--- START ---

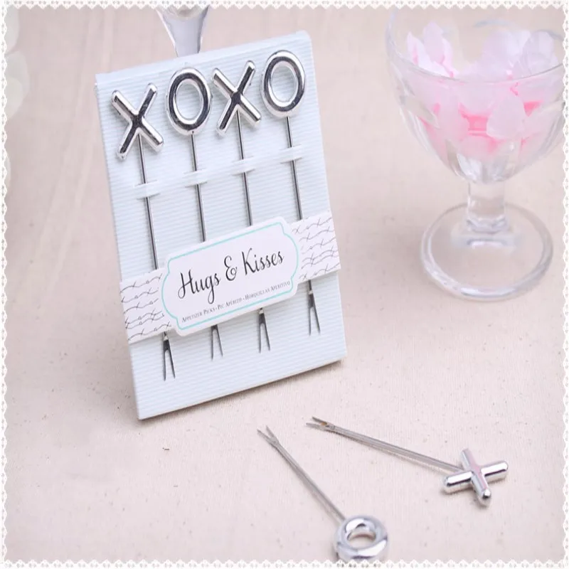 ProНазвание пыли: Оптовая продажа, 50 шт./лот, XOXO, нержавеющая сталь, вилки для фруктов, свадебные сувениры, праздничные подарки для гостей, свадебные сувениры, события и вечерние принадлежности
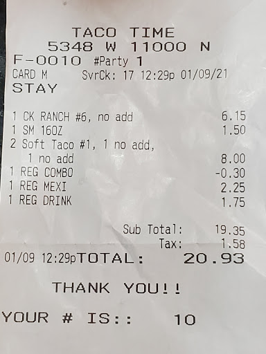 This is one of the good Taco Time locations. They rarely get orders wrong and the food is always quite good.
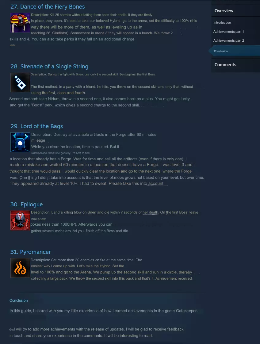 这是一篇翻译自Nuggi的《Gatekeeper》全成就获取指南,原指南详细介绍了该游戏31项成就的达成方法,包含任务要求、操作技巧等内容,不过该指南截至2024年12月已过时。

--- END ---

◆ Work item
Copy out the data exactly and keep the pictures out.

◆ Your solution
 ProНазвание пыли: Оптовая продажа, 50 шт./лот, XOXO, нержавеющая сталь, вилки для фруктов, свадебные сувениры, праздничные подарки для гостей, свадебные сувениры, события и вечерние принадлежности
 This is one of the good Taco Time locations. They rarely get orders wrong and the food is always quite good.
 这是一篇翻译自Nuggi的《Gatekeeper》全成就获取指南,原指南详细介绍了该游戏31项成就的达成方法,包含任务要求、操作技巧等内容,不过该指南截至2024年12月已过时。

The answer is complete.